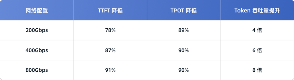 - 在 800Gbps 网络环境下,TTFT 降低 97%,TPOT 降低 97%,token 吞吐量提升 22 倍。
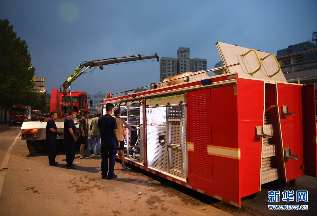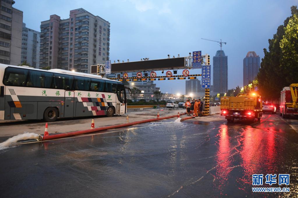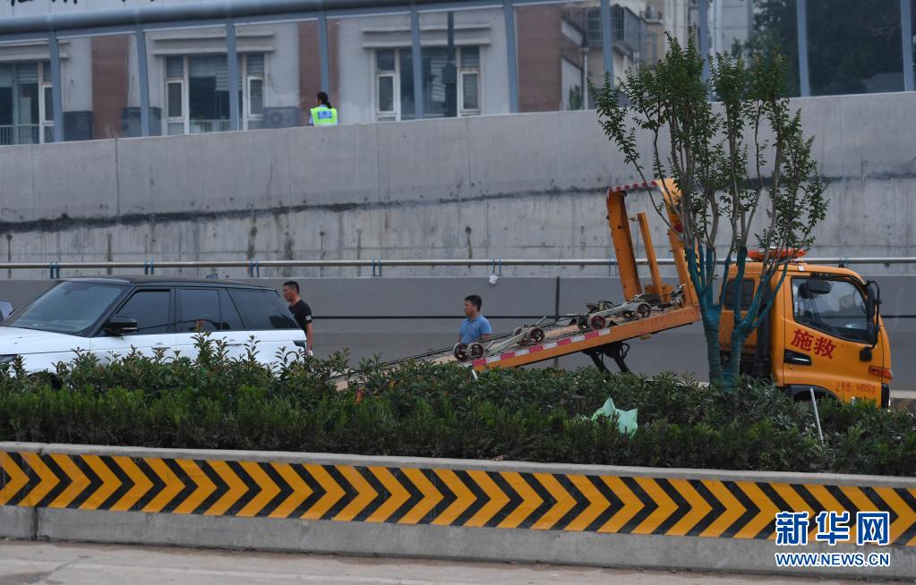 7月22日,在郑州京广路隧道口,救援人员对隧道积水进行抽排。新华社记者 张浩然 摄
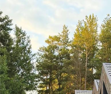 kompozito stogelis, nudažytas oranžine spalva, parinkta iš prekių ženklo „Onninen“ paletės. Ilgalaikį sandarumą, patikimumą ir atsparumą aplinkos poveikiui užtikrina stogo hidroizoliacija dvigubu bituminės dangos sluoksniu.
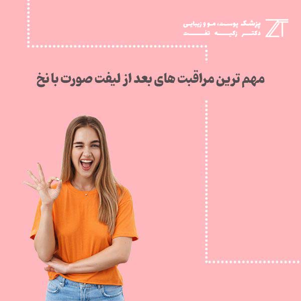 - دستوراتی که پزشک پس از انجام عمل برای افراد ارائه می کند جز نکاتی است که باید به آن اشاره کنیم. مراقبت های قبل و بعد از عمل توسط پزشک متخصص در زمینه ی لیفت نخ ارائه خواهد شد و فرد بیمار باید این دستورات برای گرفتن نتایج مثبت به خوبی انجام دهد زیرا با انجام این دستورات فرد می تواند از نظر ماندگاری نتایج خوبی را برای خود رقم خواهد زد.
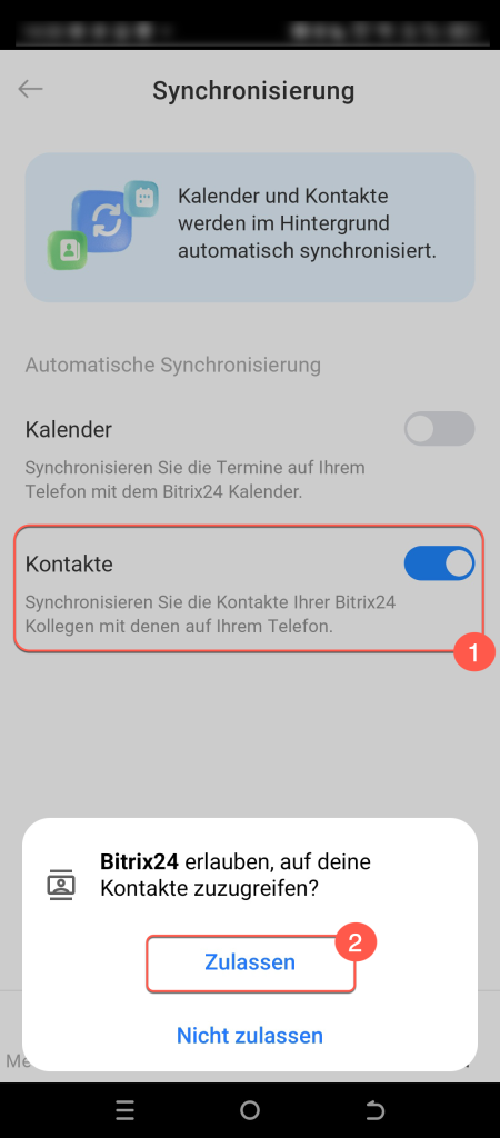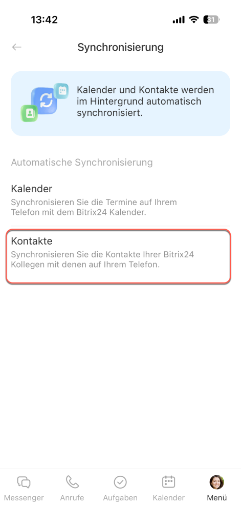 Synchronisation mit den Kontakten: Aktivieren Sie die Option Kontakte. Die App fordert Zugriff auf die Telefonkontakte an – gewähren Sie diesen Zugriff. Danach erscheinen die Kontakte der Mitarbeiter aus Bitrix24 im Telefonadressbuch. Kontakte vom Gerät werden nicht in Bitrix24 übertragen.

* * * * *

_Task item_
Although the records hold pictures, the copy must not; give again exactly the lines from the one with "kompozito stogelis, nudažytas" through the one with "- دستوراتی که".

_Exercise answer_
 kompozito stogelis, nudažytas oranžine spalva, parinkta iš prekių ženklo „Onninen“ paletės. Ilgalaikį sandarumą, patikimumą ir atsparumą aplinkos poveikiui užtikrina stogo hidroizoliacija dvigubu bituminės dangos sluoksniu.
 - دستوراتی که پزشک پس از انجام عمل برای افراد ارائه می کند جز نکاتی است که باید به آن اشاره کنیم. مراقبت های قبل و بعد از عمل توسط پزشک متخصص در زمینه ی لیفت نخ ارائه خواهد شد و فرد بیمار باید این دستورات برای گرفتن نتایج مثبت به خوبی انجام دهد زیرا با انجام این دستورات فرد می تواند از نظر ماندگاری نتایج خوبی را برای خود رقم خواهد زد.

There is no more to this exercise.